Lo fallido femenino había prevalecido del lado de la desfalicización resonando en la retardada, en tanto que no a la altura del falo. “las tontas iban de rosa”, vestían a las muñecas… o van a la peluquería y se maquillan.

Embrollada allí. La maniobra analítica, que consistió en ubicarse como partenaire de una joven adelantada, permitió la caída del Otro idealizado posibilitando el encuentro con el Otro sexo (Grinbaum, 2019).

En el testimonio que dio en Córdoba y que está en Mediodicho 43, Gabriela nos enseña cómo pasa del significante UNISEX, de las mujeres unisex, a construir una versión propia de lo femenino.

Su final de análisis se produce cuando fue posible la tachadura de La mujer, es decir cuando pudo reconducirse el ideal femenino de La mujer a Una mujer. La revelación que detrás de la mascarada no hay nada. Que lo femenino es la máscara misma.

El pase de Gabriela nos enseña que el inconsciente no está organizado de acuerdo al binario: hombre/mujer. Lo viril o lo feminizado no son más que identificaciones y semblantes, que pueden ser sintomáticas. Por eso, es que La mujer no existe. Debemos tachar el La.

Con este Lacan ya no podemos pensar la cuestión en términos de La mujer como un universal, ni como todas iguales.   Si no, todas diferentes, respecto de ellas mismas y de los seres sexuados del lado masculino. Y pese a que Lacan plantea en estos párrafos de “Televisión” la cuestión en términos de hombre/mujer, si los leemos con el faro del Seminario 20 podemos captar que se refiere a posiciones sexuadas, a seres sexuados, sin importar el género.

En estos textos además podemos ubicar el “germen”, de lo que después encontraremos con la ultimísima enseñanza. La teoría de la no relación es la intuición lacaniana de lo que luego, formulará como el agujero traumático, cuando ya nos indique otra dirección, respecto del Uno del goce. En dicho momento, ya no habrá binarismo de ninguna clase, ni de la posición con respecto al falo, sino la lógica del sinthome y del Uno del goce.

REFERENCIAS

  • Beauvoir, S. (1987[1949]). El segundo sexo. Buenos Aires: Siglo 21.  

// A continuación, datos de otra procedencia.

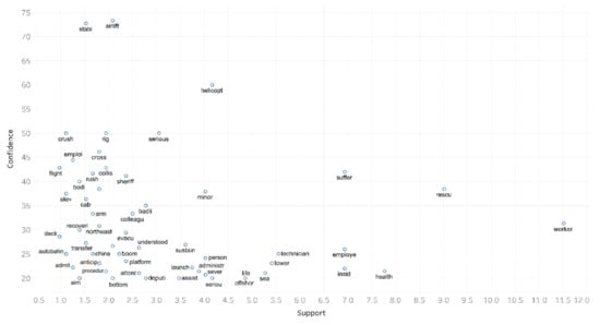 Third, the text of accident news has been analyzed using a multitude of data analytics techniques, some of which are applied for the first time in the domain. While [], as the closest work to this paper, also applies text analytics, the research presented in this paper applies topic modeling through LDA (Latent Dirichlet allocation) for the first time to analyze wind turbine accidents, yielding novel insights. Another unique application is association mining to find relevant terms in the text of the news and the contextual relationship between these terms, and death and injury.
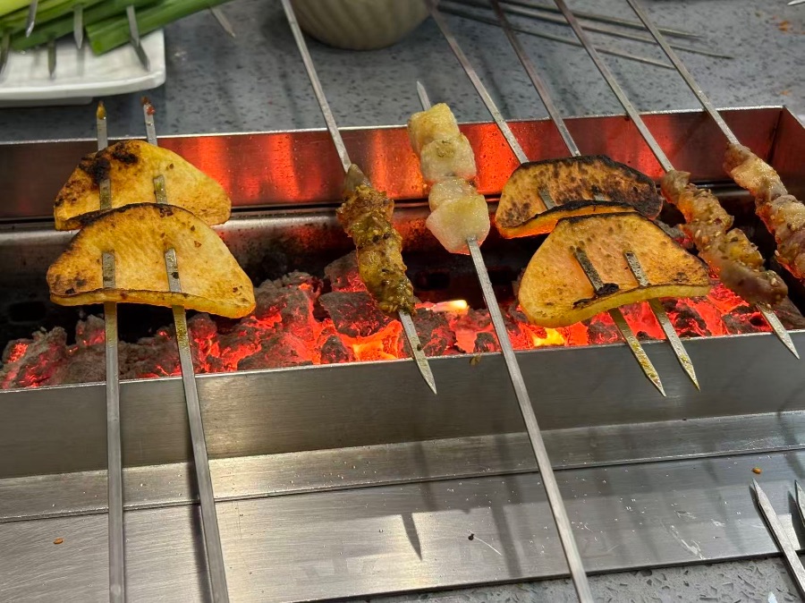 自己烤,是延吉烧烤的灵魂。把串在烤架上铺开,油脂滴在炭上滋滋作响,火苗蹿起又落下。翻动间,肉香混着炭火气钻进鼻子。烤到两面焦黄、边缘微卷,滋滋往外冒油时,火候正好。
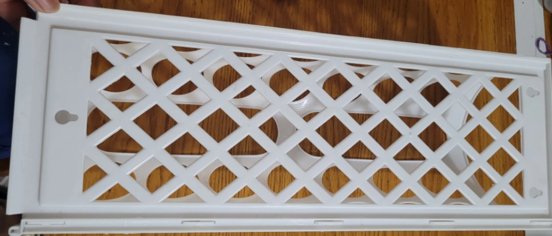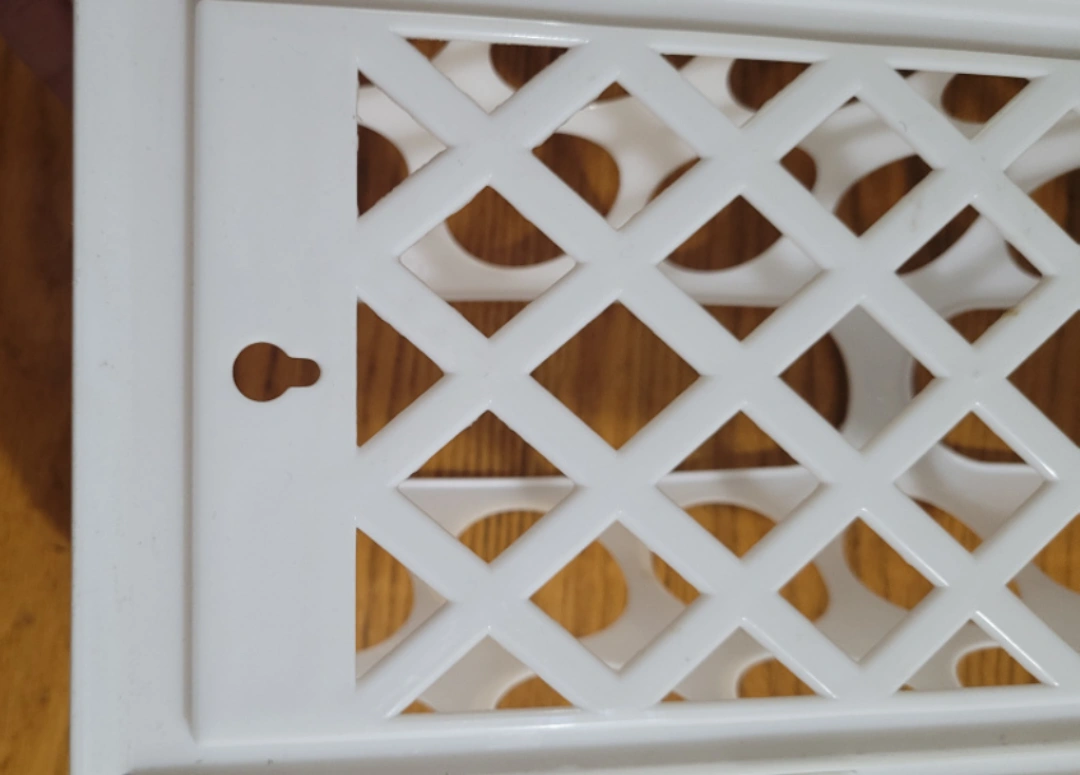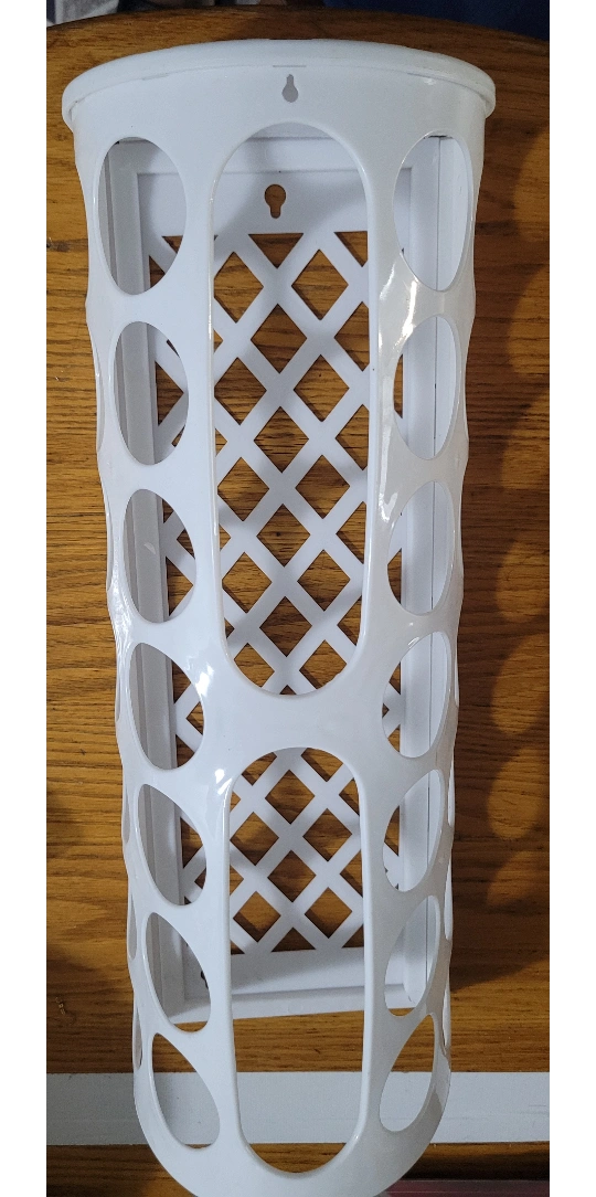 White plastic bag dispenser with a built-in grid to hold the bags in place. It has a hole for hanging and can be easily mounted to any wall.
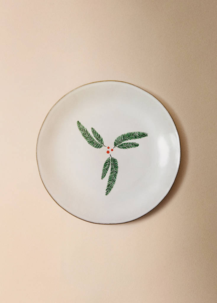 Dessert plate. 100% stoneware. Size: 23 cm. Hand-painted. Contrast edge. Elegant and minimalist design, ideal for any table. Microwave safe. Dishwasher safe. Complete your table with more products from the collection. Christmas Collection
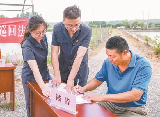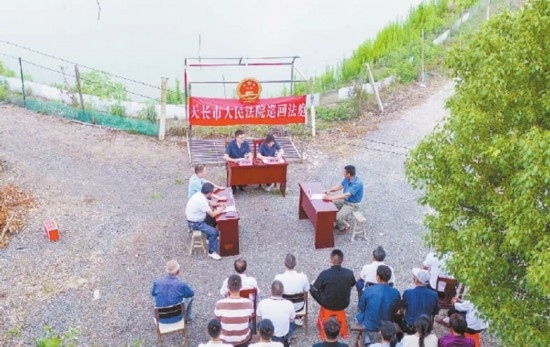 近日,安徽省天長市人民法院秦欄人民法庭法官來到東風村螃蟹養(yǎng)殖基地,公開開庭審理一起農業(yè)承包合同糾紛案。法官經(jīng)過現(xiàn)場勘查、細心調解,當場化解糾紛,養(yǎng)殖戶投放的500斤蟹苗有了著落,村委會減少了經(jīng)濟損失。
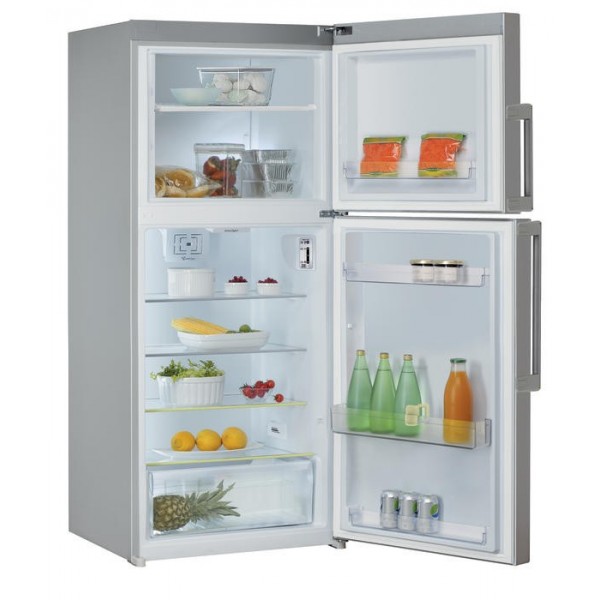 Frigorifero 2 porte - capacità frigo 299 lt - classe energetica  polliciA++ pollici - ventilato con sbrinamento automatico - consumo energia 276 kwh/anno - display lcd - 4 ripiani in cristallo - larg. 71 alt. 175 prof. 76 cm. - dispenser rumorosità 42 db - silver

  • Brousse, M.H. (2018) Lo femenino, Buenos Aires: Tres Haches

  • Grinbaum, G. (2017) “Mis virilidades” en Mediodicho 43, Córdoba: EOL.

  • Grinbaum, G. (2019), Una mujer sin maquillaje. Buenos Aires: Grama

  • Lacan, J. (2012 [1973]), “Televisión”, Otros Escritos, Buenos Aires: Paidós

  • Lacan, J. (2012 [1973]), “Introducción a la edición alemana de un primer volumen de los escritos”. Otros Escritos, Buenos Aires: Paidós

  • Lacan, J., (1995 [1971 – 72]), “Aun” en El seminario, Libro 20, Buenos Aires: Paidós.

  • Lacan, J. (1975), “Momento de concluir”, Seminario 25, inédito

  • Laurent, E. (2018) “La servidumbre voluntaria y la pregunta por la mujer en el SXXI” en   Feminismos. Variaciones Controversias.   Colección de la Orientación Lacaniana.   Buenos Aires: Grama

  • Leguil, C. (2020) “Ambigüedad del consentimiento, potencia del escrito”. Lacan Cotidiano, Nº 863.

  • Miller, J.-A. (2011) Sutilezas analíticas. Buenos Aires: Paidós.